Cette reprise de Manon aura connu bien des vicissitudes avant que le rideau ne se lève finalement ce vendredi 11 février sur la soirée d’ouverture, avec six jours de décalage. En effet, la première, initialement prévue le 5, a été annulée en raison de la détection de nombreux cas positifs à la Covid 19 au sein de l’orchestre, et la générale, également annulée pour les mêmes raisons, a pris la place de la deuxième représentation. Auparavant, le ténor initialement prévu dans le rôle de Des Grieux avait dû renoncer à sa participation au spectacle. Trois ténors ont alors été engagés pour le remplacer, Roberto Alagna qui ne chantera finalement qu’un seul soir, Benjamin Berheim et Attala Ayan.
Est-ce à cause de ces contretemps, récurrents ces derniers mois, que durant presque toute la représentation nous avons eu le sentiment que le cœur n’y était pas ? Certes, les interprètes faisaient leur travail avec application, heureux de pouvoir enfin chanter devant le public mais en même temps lassés, nous a-t-il semblé, par toutes les contraintes qu’ils subissent depuis deux ans pour parvenir à exercer leur art. A moins que la direction d’orchestre lisse et académique mais néanmoins précise de James Gaffigan ne soit en cause ?
L’équipe réunie pour la circonstance, moins spectaculaire qu’en mars 2020, n’en comporte pas moins des chanteurs émérites qui ont fait leurs preuves. Les seconds rôles, dans leur ensemble, n’appellent aucune remarque particulière. Rodolphe Briand retrouve le personnage de Guillot de Morfontaine qu’il avait déjà incarné avec malice il y a deux ans, Marc Labonnette est un Brétigny haut en couleur dans ses improbables costumes. Andrea Cueva Molnar, Ilanah Lobel-Torres et Jeanne Ireland forment un trio de courtisanes accortes et frivoles à souhait. Jean Teitgen possède une voix bien timbrée et un grave sonore, son Comte Des Grieux à la fois noble et bienveillant lui vaudra une salve d’applaudissements nourris au rideau final. En revanche, le Lescaut d’Andrzej Filończyk nous a paru quelque peu falot. Le baryton polonais possède un timbre clair et un medium solide. Si la voix n’est pas très puissante, il parvient néanmoins à se faire entendre, mais son personnage demeure constamment en retrait.

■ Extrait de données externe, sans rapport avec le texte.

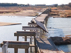 流れ橋は、昨年の10月1日にこのように流れてしまいました。三重県の大雨と上流にある高山ダムが大量に放流したためとか。橋が流れないように調整して放水するのが、ダムなのではないでしょうか。橋の近くにある石仏もそう思っておられることでしょう。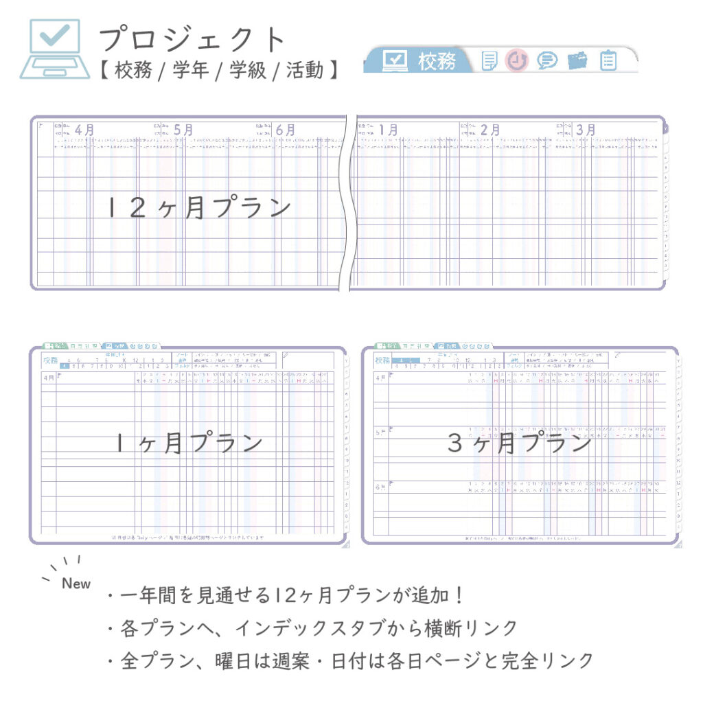 ・校務、学年、学級、活動など内容ごとに3ヶ月+1ヶ月ごとのプロジェクトシート

Atalla Ayan possède un timbre chaleureux et une diction acceptable. Sa ligne de chant élégante et soignée, la délicatesse de ses demi-teintes, en particulier dans le duo de Saint-Sulpice et la rondeur de ses aigus lui permettent d’incarner un Des Grieux touchant. Le songe (« En fermant les yeux ») est chanté mezzo-forte avec un legato accompli, et son grand air « Ah fuyez douce image » n’appelle aucune réserve sur le plan vocal. En revanche, l’on aurait souhaité qu’il y insuffle davantage de passion. A ses côtés Ailyn Perez campe une exquise Manon. La soprano américaine est dotée d’un timbre crémeux qui culmine sur un aigu brillant, toutefois les vocalises de son entrée au deuxième acte demeurent timides. Elle est capable d’émettre de jolis sons filés qui font merveille dans le duo de Saint-Sulpice, dont on peut cependant regretter qu’il soit dépourvu de sensualité. Sa « petite table » en revanche est émouvante à souhait. Quant à sa diction, somme toute correcte, elle est encore perfectible. Les chœurs préparés par Alessandro Di Stefano n’appellent que des éloges pour chacune de leurs interventions.
Manon © Emilie Brouchon – Opéra national de Paris
La transposition dans les années 20 fonctionne d’autant plus qu’elle nous vaut des décors monumentaux et des costumes somptueux aux teintes vives, chaleureusement applaudis lorsque le rideau se lève sur le Cours-la-Reine, Vincent Huguet a modifié le dénouement par rapport à la première série de représentations. Cette fois, Manon ne finit pas fusillée mais repart pour Le Havre avec les soldats, après son duo avec Des Grieux. En revanche la chanson de Joséphine Baker, interpolée entre deux tableaux, paraît d’autant plus incongrue, passé l’effet de surprise. De même, ce clone de la chanteuse d’origine américaine, mi-figurante, mi-danseuse qui joue les entremetteuses, n’apporte rien à l’intrigue tout comme les travestissements de Brétigny qui, pour amusant qu’ils soient, ne collent pas avec son personnage.